The combination of traditional sushi roll vegetables like carrots and avocado topped with sesame seeds and a wasabi and soy dressing completely satisfy my sushi/wasabi cravings from the comfort of my own home.

It’s a salad that holds up well if you want to take it as a work week lunch or on a picnic – and it’s best at room temperature.

This version of the salad is vegan-friendly, but I’m dreaming about a gorgeous medium-rare piece of grilled salmon on top of this situation sometime soon.

Edamame Sushi Bowl (serves 2)
inspired by Sushi Roll Edamame Salad from Appetite for Reduction
– 1 cup cooked brown rice
– 1 medium carrot, shredded
– 1 cup shredded kale
– 1/2 cup shelled edamame (defrosted)
– 1/2 avocado, cut into bite-sized chunks
– 1-2 tablespoons toasted sesame seeds

Place rice, carrot, kale and edamame in a bowl and toss well with 1-2 tablespoons of the wasabi dressing (below) top with avocado and toasted sesame seeds and serve with additional dressing (if desired.)

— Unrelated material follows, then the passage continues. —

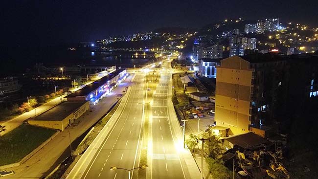 Zonguldak İstanbul karayolu üzerindeki Kozlu kavşağının orta refüj aydınlatma çalışmaları tamamlandı.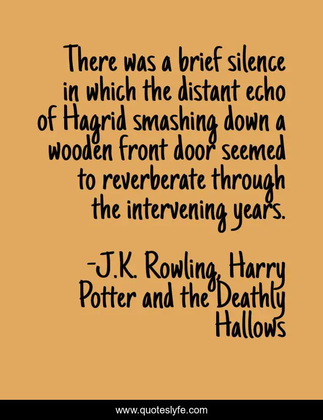 This page presents the quote "There was a brief silence in which the distant echo of Hagrid smashing down a wooden front door seemed to reverberate through the intervening years.". Author of this quote is J.K. Rowling, Harry Potter and the Deathly Hallows. .

Wasabi Salad Dressing (warning: packs a punch!)
– 1 teaspoon wasabi paste
– 1 teaspoon soy sauce
– 3 tablespoons rice wine vinegar
– 1/2 teaspoon sesame oil

Place all ingredients in a small jar or bowl and mix well until everything is blended together.

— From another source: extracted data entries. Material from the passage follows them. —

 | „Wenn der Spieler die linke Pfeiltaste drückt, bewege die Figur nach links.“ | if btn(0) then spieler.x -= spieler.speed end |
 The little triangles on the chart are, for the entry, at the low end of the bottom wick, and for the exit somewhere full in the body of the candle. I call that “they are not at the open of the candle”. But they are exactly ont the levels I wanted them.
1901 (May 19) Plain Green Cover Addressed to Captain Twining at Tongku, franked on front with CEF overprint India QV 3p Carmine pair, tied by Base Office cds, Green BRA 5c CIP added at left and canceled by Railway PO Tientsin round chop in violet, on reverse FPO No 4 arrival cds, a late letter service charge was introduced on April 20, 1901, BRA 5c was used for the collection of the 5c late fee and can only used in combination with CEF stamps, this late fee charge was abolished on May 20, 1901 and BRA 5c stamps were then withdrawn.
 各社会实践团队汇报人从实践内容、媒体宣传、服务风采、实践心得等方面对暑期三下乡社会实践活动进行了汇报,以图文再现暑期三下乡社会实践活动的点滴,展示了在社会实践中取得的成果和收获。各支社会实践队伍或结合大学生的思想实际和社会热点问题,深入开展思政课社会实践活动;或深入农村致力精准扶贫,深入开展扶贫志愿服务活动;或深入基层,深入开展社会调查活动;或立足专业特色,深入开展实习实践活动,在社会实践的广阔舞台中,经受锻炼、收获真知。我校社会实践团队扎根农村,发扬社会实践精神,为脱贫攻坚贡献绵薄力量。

Kale and Quinoa Waldorf Salad

Did I just visit the Wikipedia page for the Waldorf salad? Yes, yes I did. What OF IT?

Truth is, I was trawling for fun facts. I LOVE a good random fact – my favorites are historical and very trivial – making them good for nothing except dominating a couple of Jeopardy categories if I’m lucky.

My limited research on the Waldorf salad didn’t unearth much more than the obvious – that the salad was invented at the Waldorf Astoria Hotel in New York around 1896. (By a man named Oscar!)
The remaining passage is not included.